> **Task statement**: In the data below, set down exactly the lines from the one containing "- A special, limited-edition" up to and including the one containing "Vuokrataan Helsingin Punavuoresta". Leave the pictures out.

--- Dataset records ---

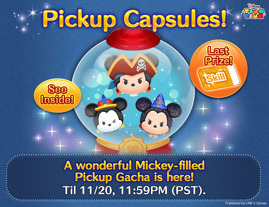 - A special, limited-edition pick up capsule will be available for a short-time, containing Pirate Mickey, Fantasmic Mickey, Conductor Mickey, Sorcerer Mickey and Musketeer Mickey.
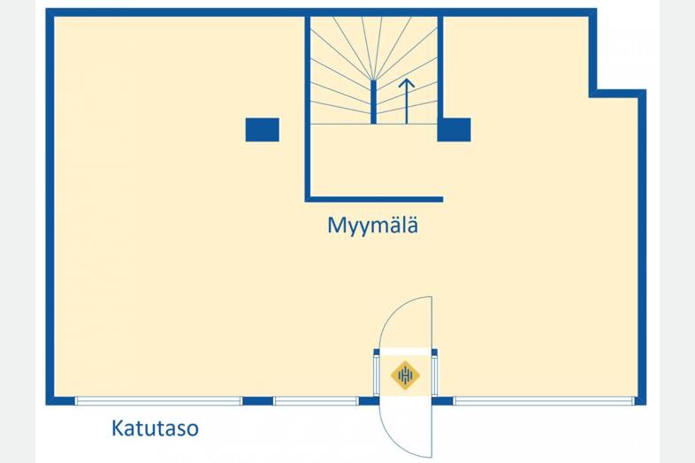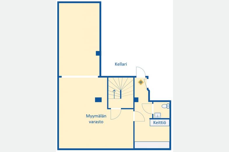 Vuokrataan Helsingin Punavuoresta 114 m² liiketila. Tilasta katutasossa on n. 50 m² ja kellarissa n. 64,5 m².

---
--- Dataset records ---

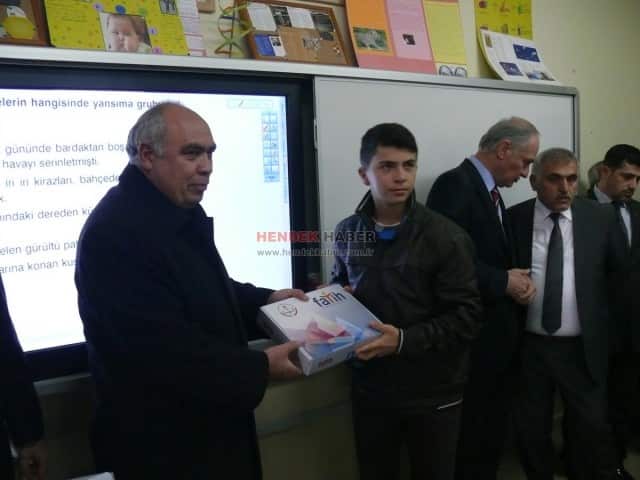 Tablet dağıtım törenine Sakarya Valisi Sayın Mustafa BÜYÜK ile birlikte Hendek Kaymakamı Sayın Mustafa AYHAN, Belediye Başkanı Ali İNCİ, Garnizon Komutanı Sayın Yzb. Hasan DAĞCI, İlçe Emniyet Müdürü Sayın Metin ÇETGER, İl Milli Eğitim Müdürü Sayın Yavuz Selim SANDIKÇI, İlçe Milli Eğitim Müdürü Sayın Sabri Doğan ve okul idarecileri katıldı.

---
--- Dataset records ---

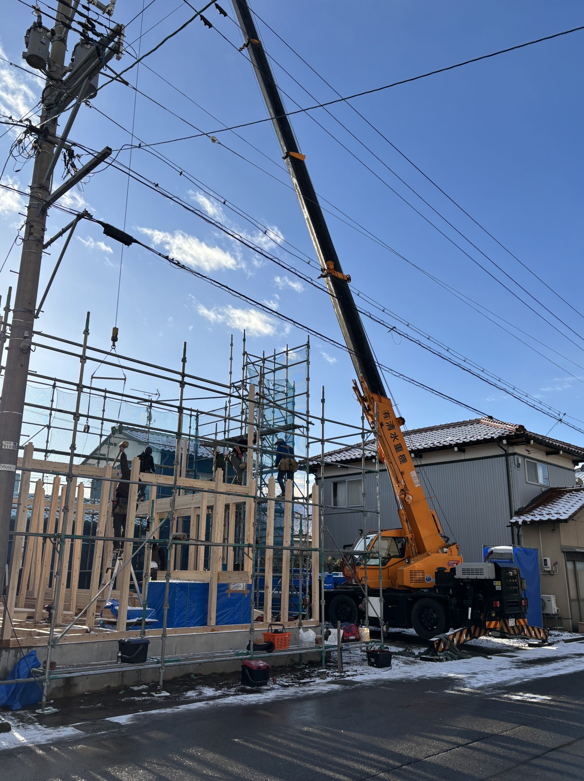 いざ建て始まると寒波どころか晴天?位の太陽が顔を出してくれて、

---

> **Output of the exercise**:
 - A special, limited-edition pick up capsule will be available for a short-time, containing Pirate Mickey, Fantasmic Mickey, Conductor Mickey, Sorcerer Mickey and Musketeer Mickey.
 Vuokrataan Helsingin Punavuoresta 114 m² liiketila. Tilasta katutasossa on n. 50 m² ja kellarissa n. 64,5 m².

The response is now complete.